Audi A1 review
The Audi A1 is a luxurious and sporty-looking small hatch that gives the MINI a run for its money
The latest Audi A1 certainly ups its game from a visual perspective, and with its wide grille similar to that of the R8 supercar, the luxurious supermini looks distinctly sporty. The reality is less exciting on the road, because although the A1 handles very competently and rides well, it doesn’t have the sporty responses of its key rival the MINI. It wins back ground when it comes to refinement though, as the A1 is almost as hushed and relaxed to ride in as a Mercedes C-Class.
The interior design looks very upmarket-Audi too, but closer inspection reveals very similar materials used to the much cheaper VW Polo. Engine choice is limited, but performance is satisfactory, and with only a roomy five-door body available it’s practical too.

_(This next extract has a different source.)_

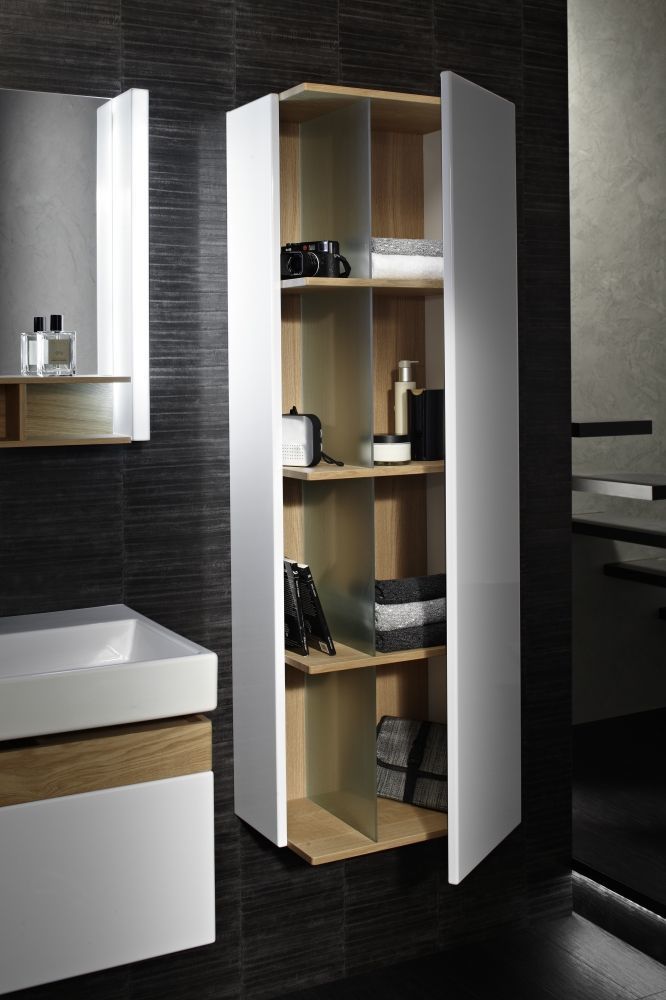 Пенал подвесной Jacob Delafon Terrace 50 см EB1179D-G1C, 1 дверца с механизмом «плавное закрывание», 2 деревянные фиксированные полочки, стеклянный разделитель, внутренние и внешние полочки, цвет белый глянцевый/светлое дерево.

The Audi A1 in this its second generation is available as a five-door hatchback, which Audi refers to as a Sportback, and the higher-riding Citycarver model with its SUV-lite styling. The previous model was available in three-door guise too, but that option is no more. A1 powertrain options are a mere shadow of what was available before too, but at least there are a decent number of trim levels for customers to browse.
The line-up kicks off with the A1 Technik, which features 15-inch alloy wheels, LED headlamps and rear lamps, an 8.8-inch colour touchscreen and Audi’s smartphone interface. Next up is the A1 Sport, which gives you bigger 16-inch 10-spoke turbine style alloys, front sport seats, rear parking sensors and cruise control, along with some minor exterior trim tweaks. The S Line gives you 17-inch 5-spoke alloys, lowered firmer suspension and an exterior styling pack, while S Line Competition has its own 17-inch wheel design, but also gives you adjustable damping – you can spot one by its grey painted door mirrors.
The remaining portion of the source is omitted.